ПУТЕШЕСТВИЕ ИССЫ. ИРКУТСКИЙ ВОКЗАЛ

Холщовый плащ бил по ногам. Это зипун был века назад? Он не помнил. Кто купил, когда, надел ли на плечи из жалости.
Бежал, чуть под трамвай не попал. Услышал резкий, пронзительный звон, будто ребенок грудной, в помойку брошенный, крикнул. Хотел в трамвай впрыгнуть — поскользнулся, на рельсах растянулся. Добрые люди подбежали, под руки подхватили, выволокли из-под колес, из-под визга смерти.
Улыбнулся им:
— Спасибо, родные. Умер бы, не жалко.
— Дык уж пошти шта помер! Колеса-ти уж возля шеи вижжали! — крикнула баба, его руку на снег брезгливо швыряя. А другую руку бросил мужик, что из-под гремящей, как бубен, железной повозки его тащил, и только выдохнул:
— Э-э-э-э-эх!..
Так и брел пешим. Озирался. Шапку волчью на макушке поправлял. Эх, думал, вот странно-то — сам иду в плаще, по пяткам холстина бьет, а на башке шапка мужичья; несоответствие это. Морозец-то слабенький сегодня. А ну ее! Сорвал. Далеко в сугроб зашвырнул. Галки, вороны слетелись, думали — еда. Клюют шапку, а это ж мех старый, повылезший, в дырках мездра! Волосы, освобожденные, ветер зацеловал.

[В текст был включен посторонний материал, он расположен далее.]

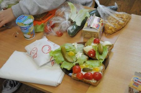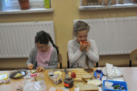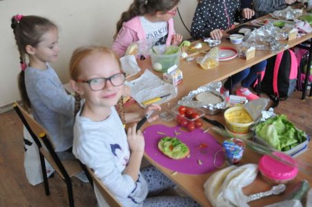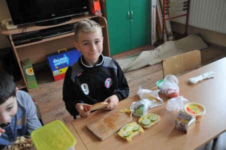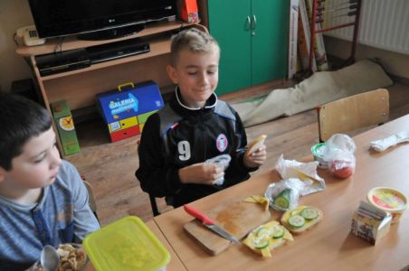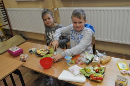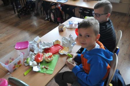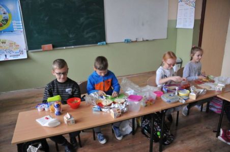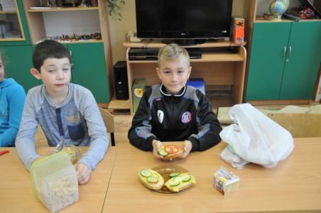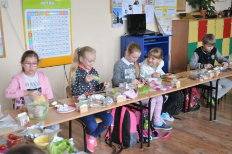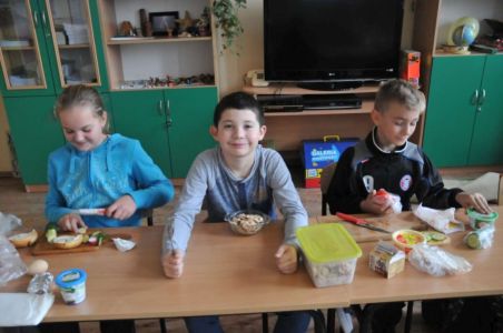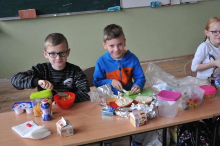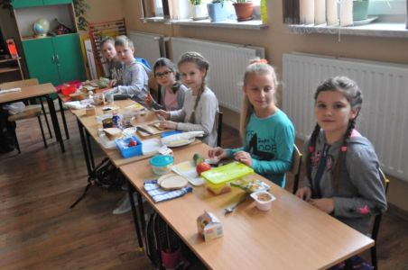 Dzięki rodzicom, którzy dostarczyli produkty potrzebne do zorganizowania zdrowego śniadania, pojawiło się pieczywo różnego rodzaju , masło, wędliny, sery, jajka ,pomidory, ogórki, papryka, sałata, szczypiorek, płatki śniadaniowe i jogurty oraz mleko.

— Эх, птички, птички, галочки-скакалочки… голодно вам зимой. И мне — тоже!
Пораздумал. Вернулся. Шапку из сугроба вынул. Опять напялил.
А вдруг мороз завернет? Уши деревянные… щеки оловянные…
Ноги сами принесли на вокзал. Старинный дом, будто вдовий; будто — графские развалины. Будто бы шкатулка была палехская, расписная, а солдат наступил сапогом, расстрелял из пистолета. Война есть война. На войне никто никого не щадит. Рядом, на путях, громыхали поезда, стальные мешки, набитые не картошкой, а булыжниками.
Люди, вы не булыжники! Люди… люди…
На миг слепо вообразил: опять на рельсы падает, и голову его колесо бешено мчащегося поезда отрезает быстро и весело, как кухонный тесак — голову вяленой рыбы.
— Нет уж, нет уж… Такой смерти — не надо…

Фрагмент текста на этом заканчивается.